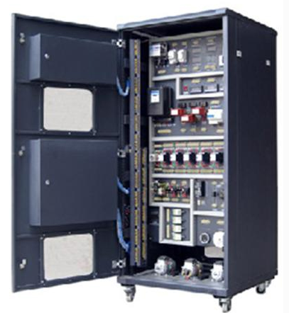 該種維修電工教學(xué)柜式實訓(xùn)考核裝置,包括有柜架、觀察窗、儀表操作盤、電氣系統(tǒng)、電機機組組成,所說的電氣系統(tǒng)由多個部分前后面板縱向展開排列,包括觸摸屏部分、 PLC 主機部分、變頻器部分、電力電子部分、直流電源部分、電力拖動與繼電控制部分,電機軸功率、力矩、轉(zhuǎn)速測量部分,交直流電壓、電流,單三相交流電能、交流功率、功率因數(shù)測量部分等組成。
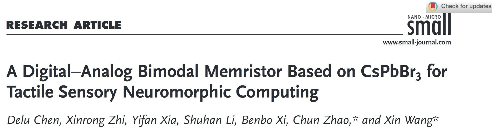 该研究成果以A Digital-Analog Bimodal Memristor Based on CsPbBr3for Tactile Sensory Neuromorphic Computing为题,在Small上发表。yl7703永利官网为独立完成单位,已毕业硕士研究生陈得禄为第一作者,王新教授为论文通讯作者。
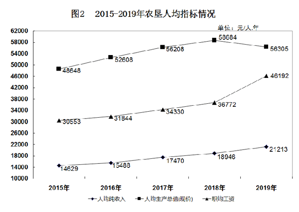 全年農(nóng)墾經(jīng)濟(jì)實(shí)現(xiàn)生產(chǎn)總值17886.25億元(見(jiàn)圖1)。其中,第一產(chǎn)業(yè)增加值1828.37億元;第二產(chǎn)業(yè)增加值3290.01億元;第三產(chǎn)業(yè)增加值2767.87億元。第一、第二、第三產(chǎn)業(yè)增加值占農(nóng)墾生產(chǎn)總值的比重分別為23.2%、41.7%和35.1%。人均生產(chǎn)總值56305元;人均可支配收入持續(xù)增長(zhǎng),達(dá)到21213元,比上年增長(zhǎng)12%(見(jiàn)圖2)。
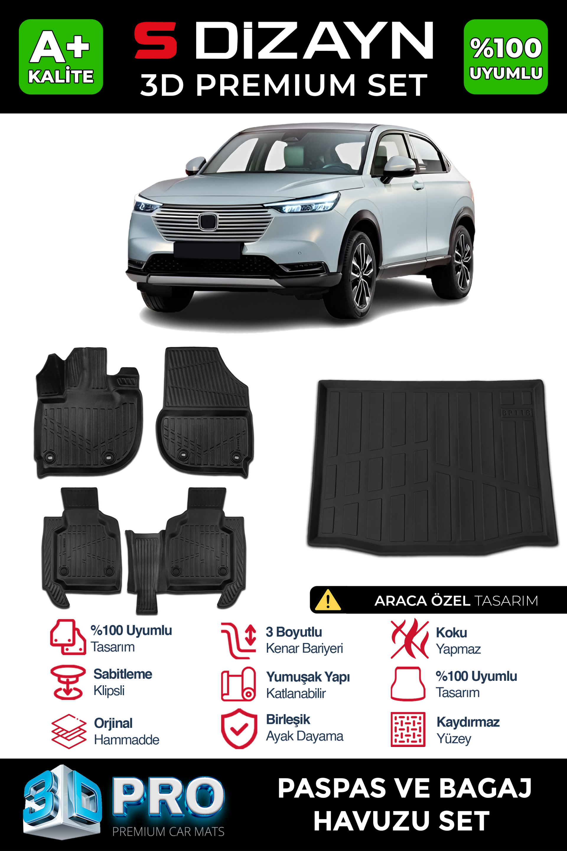 S-Dizayn Honda HR-V 3D Pro Havuzlu Paspas ve Bagaj Havuzu Seti (2'li SET) 2020 Üzeri A+ Kalite
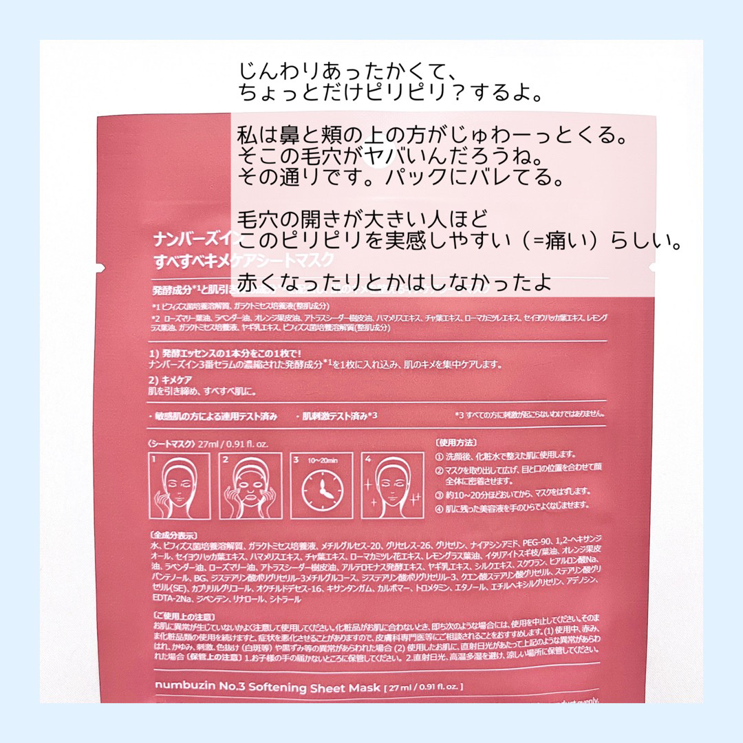商品詳細情報numbuzin 3番 すべすべキメケアシートマスク
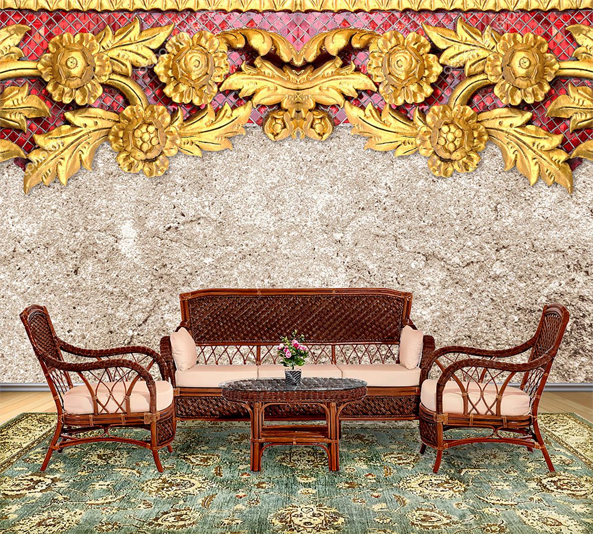 دیوار سنگی با طرح گلهای برجسته طلایی

Exercise aim - Output the listing exactly, without images.

Exercise answer -
 該種維修電工教學(xué)柜式實訓(xùn)考核裝置,包括有柜架、觀察窗、儀表操作盤、電氣系統(tǒng)、電機機組組成,所說的電氣系統(tǒng)由多個部分前后面板縱向展開排列,包括觸摸屏部分、 PLC 主機部分、變頻器部分、電力電子部分、直流電源部分、電力拖動與繼電控制部分,電機軸功率、力矩、轉(zhuǎn)速測量部分,交直流電壓、電流,單三相交流電能、交流功率、功率因數(shù)測量部分等組成。
 该研究成果以A Digital-Analog Bimodal Memristor Based on CsPbBr3for Tactile Sensory Neuromorphic Computing为题,在Small上发表。yl7703永利官网为独立完成单位,已毕业硕士研究生陈得禄为第一作者,王新教授为论文通讯作者。
 全年農(nóng)墾經(jīng)濟(jì)實(shí)現(xiàn)生產(chǎn)總值17886.25億元(見(jiàn)圖1)。其中,第一產(chǎn)業(yè)增加值1828.37億元;第二產(chǎn)業(yè)增加值3290.01億元;第三產(chǎn)業(yè)增加值2767.87億元。第一、第二、第三產(chǎn)業(yè)增加值占農(nóng)墾生產(chǎn)總值的比重分別為23.2%、41.7%和35.1%。人均生產(chǎn)總值56305元;人均可支配收入持續(xù)增長(zhǎng),達(dá)到21213元,比上年增長(zhǎng)12%(見(jiàn)圖2)。
 S-Dizayn Honda HR-V 3D Pro Havuzlu Paspas ve Bagaj Havuzu Seti (2'li SET) 2020 Üzeri A+ Kalite
商品詳細情報numbuzin 3番 すべすべキメケアシートマスク
 دیوار سنگی با طرح گلهای برجسته طلایی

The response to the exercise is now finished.